Dr. Walter A. Koltun, MD, FACS, FASCRS of the Penn State Hershey Inflammatory Bowel Disease Center took time out of his busy schedule to answer this question. A little about Dr. Koltun:
Koltun.jpg


Dr. Koltun is the Director of the Hershey Penn State IBD Center, Chief of the Division of Colon and Rectal Surgery, and Professor of Surgery at the Penn State College of Medicine

In regards to the question, Dr. Koltun stated:

Generally speaking, we think of intestinal disease as being either inflammatory or stricturing, with stricturing being the consequence of previous, usually repeated episodes of inflammation. Just like one would get a scar on an area of your skin that is repetitively injured with say something like a wire brush scraping the skin, similarly the intestine will scar. Over time, scars contract or shrink (that is why scars usually become less prominent with time) but in the case of a circular structure like the bowel, that scar creates a tightening of the intestinal “tube” that can result in blockage due to the scar. However, inflammation (prior to scarring) can also cause a tightening of the bowel lumen that would result in very similar symptoms by the patient. In other words, both scarring or excessive inflammation can cause pain and symptoms of obstruction, such as vomiting, abdominal bloating and a sense of feeling excessively full after eating. If the obstruction is due to inflammation, drugs that suppress inflammation, like TNF antagonists or prednisone will work. But these drugs do not work with scarring that is essentially irreversible. An operation should really be done for scarring resulting in obstructive symptoms and is uncommonly done for inflammation causing obstruction, since medicines help that. If one has both, then just a little bit of inflammation can take what is already a pretty tight, scarred down bowel, that is “just making it” with passage of food stuffs and quickly become totally obstructing.
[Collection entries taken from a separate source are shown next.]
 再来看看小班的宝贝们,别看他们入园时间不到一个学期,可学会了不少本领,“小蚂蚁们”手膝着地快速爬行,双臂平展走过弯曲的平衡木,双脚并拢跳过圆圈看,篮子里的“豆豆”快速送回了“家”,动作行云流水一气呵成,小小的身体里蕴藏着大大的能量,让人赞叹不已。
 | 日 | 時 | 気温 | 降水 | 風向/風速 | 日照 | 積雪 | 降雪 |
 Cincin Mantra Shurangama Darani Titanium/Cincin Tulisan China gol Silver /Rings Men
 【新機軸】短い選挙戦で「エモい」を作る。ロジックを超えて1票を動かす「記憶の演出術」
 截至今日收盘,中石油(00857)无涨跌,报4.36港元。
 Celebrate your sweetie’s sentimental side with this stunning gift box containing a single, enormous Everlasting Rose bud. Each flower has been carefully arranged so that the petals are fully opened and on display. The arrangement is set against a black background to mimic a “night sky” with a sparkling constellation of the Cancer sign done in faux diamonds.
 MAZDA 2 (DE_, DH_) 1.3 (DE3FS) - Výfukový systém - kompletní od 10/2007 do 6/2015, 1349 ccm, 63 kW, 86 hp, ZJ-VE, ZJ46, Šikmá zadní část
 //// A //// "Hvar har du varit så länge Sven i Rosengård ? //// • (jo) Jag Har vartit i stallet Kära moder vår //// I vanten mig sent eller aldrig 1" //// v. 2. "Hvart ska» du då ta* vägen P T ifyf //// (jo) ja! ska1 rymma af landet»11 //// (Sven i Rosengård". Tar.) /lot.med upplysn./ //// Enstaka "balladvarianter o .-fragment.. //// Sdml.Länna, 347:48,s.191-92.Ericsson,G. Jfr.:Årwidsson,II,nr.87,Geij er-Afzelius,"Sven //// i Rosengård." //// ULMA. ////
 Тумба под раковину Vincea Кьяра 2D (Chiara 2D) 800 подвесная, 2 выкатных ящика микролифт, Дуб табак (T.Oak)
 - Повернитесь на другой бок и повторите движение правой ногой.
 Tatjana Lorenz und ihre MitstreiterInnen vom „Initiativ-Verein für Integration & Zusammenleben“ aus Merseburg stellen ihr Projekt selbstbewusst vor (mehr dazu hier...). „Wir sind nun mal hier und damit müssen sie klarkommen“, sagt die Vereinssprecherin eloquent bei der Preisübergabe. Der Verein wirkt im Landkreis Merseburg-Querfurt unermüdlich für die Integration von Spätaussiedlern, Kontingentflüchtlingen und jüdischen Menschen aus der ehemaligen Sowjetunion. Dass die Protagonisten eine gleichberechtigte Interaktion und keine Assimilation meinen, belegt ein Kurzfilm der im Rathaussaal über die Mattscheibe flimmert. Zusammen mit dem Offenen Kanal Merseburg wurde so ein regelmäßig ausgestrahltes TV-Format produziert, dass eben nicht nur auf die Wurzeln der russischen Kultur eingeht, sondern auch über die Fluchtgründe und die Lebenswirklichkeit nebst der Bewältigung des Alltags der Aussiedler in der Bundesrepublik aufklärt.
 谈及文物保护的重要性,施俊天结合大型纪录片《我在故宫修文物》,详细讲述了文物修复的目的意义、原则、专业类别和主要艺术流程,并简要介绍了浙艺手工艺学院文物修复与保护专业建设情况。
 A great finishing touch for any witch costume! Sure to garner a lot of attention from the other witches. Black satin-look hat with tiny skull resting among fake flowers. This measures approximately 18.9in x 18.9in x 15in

However, in such circumstances the inflammation plays a relatively small role and surgery should be done to remove the stricture.

Using antinflammatories (like low dose prednisone) is sometimes done in such circumstances to simply to keep the patient out of obstruction, allowing them to eat and maintain nutrition but get them to the operating room in a reasonable time frame to resect the scarred bowel, which is the major reason for the obstruction.

Thank you to Dr. Koltun for his time and expertise!